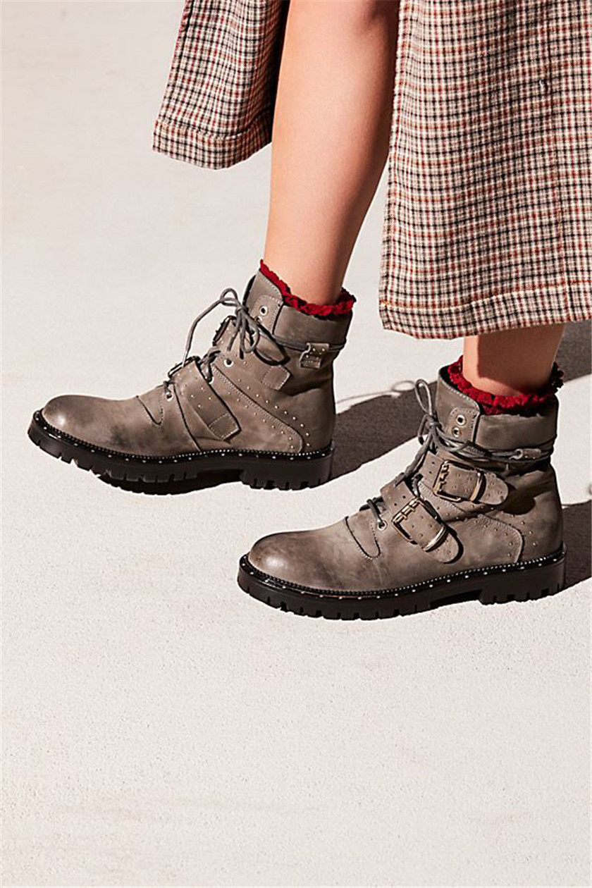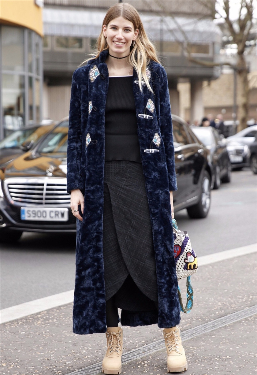 除此之外,长款登山靴也可以与马丁靴一样,搭配裙装。在这个时候,一些不对称的中长裙不规则裙边的裙子往往会更加的出彩。
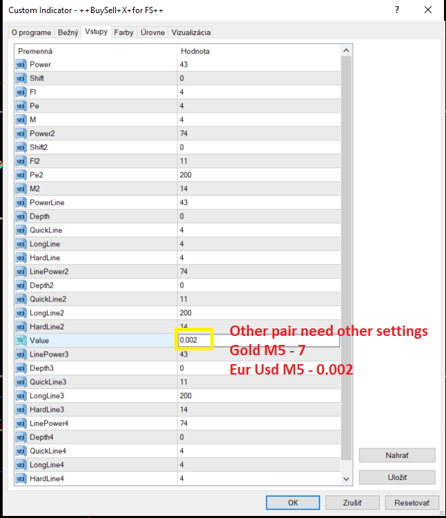 !For the picture Setting!!yellow line is not set!!other pairs, for example (eur usd M5 need set 0.002) this needs to be changed-----(Gold M5 need 7) etc.....here is- 2x extreme set....
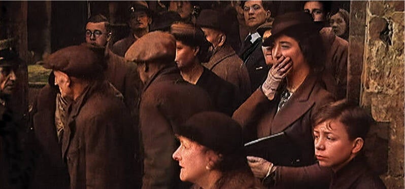People of Coventry wandered around in a daze taking in the destruction around them following the air raid of the 8th April 1941.
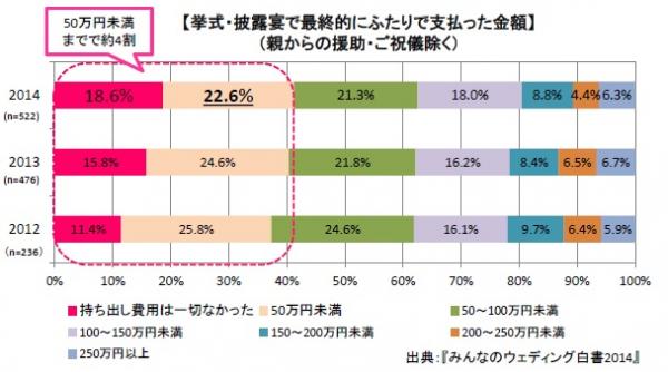 特に、年々「持ち出し費用は一切なかった」花嫁花婿が増えている傾向にあることがわかります。
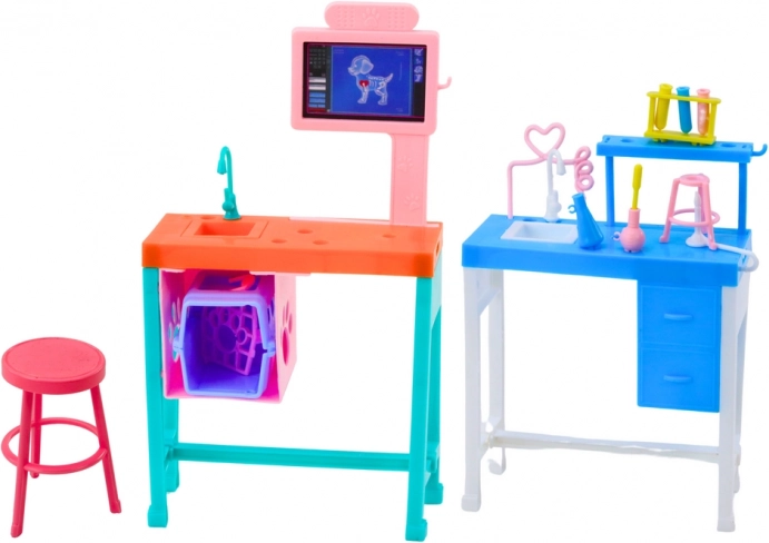 Clinica include un lavoar, un scaun și un computer pentru jocuri realiste de examinare și tratament al animalelor.
-- -- --
Work item – Nothing in the records should be changed in the copy, but the pictures must be left out.

Answer to the exercise –
 除此之外,长款登山靴也可以与马丁靴一样,搭配裙装。在这个时候,一些不对称的中长裙不规则裙边的裙子往往会更加的出彩。
 !For the picture Setting!!yellow line is not set!!other pairs, for example (eur usd M5 need set 0.002) this needs to be changed-----(Gold M5 need 7) etc.....here is- 2x extreme set....
People of Coventry wandered around in a daze taking in the destruction around them following the air raid of the 8th April 1941.
 特に、年々「持ち出し費用は一切なかった」花嫁花婿が増えている傾向にあることがわかります。
 Clinica include un lavoar, un scaun și un computer pentru jocuri realiste de examinare și tratament al animalelor.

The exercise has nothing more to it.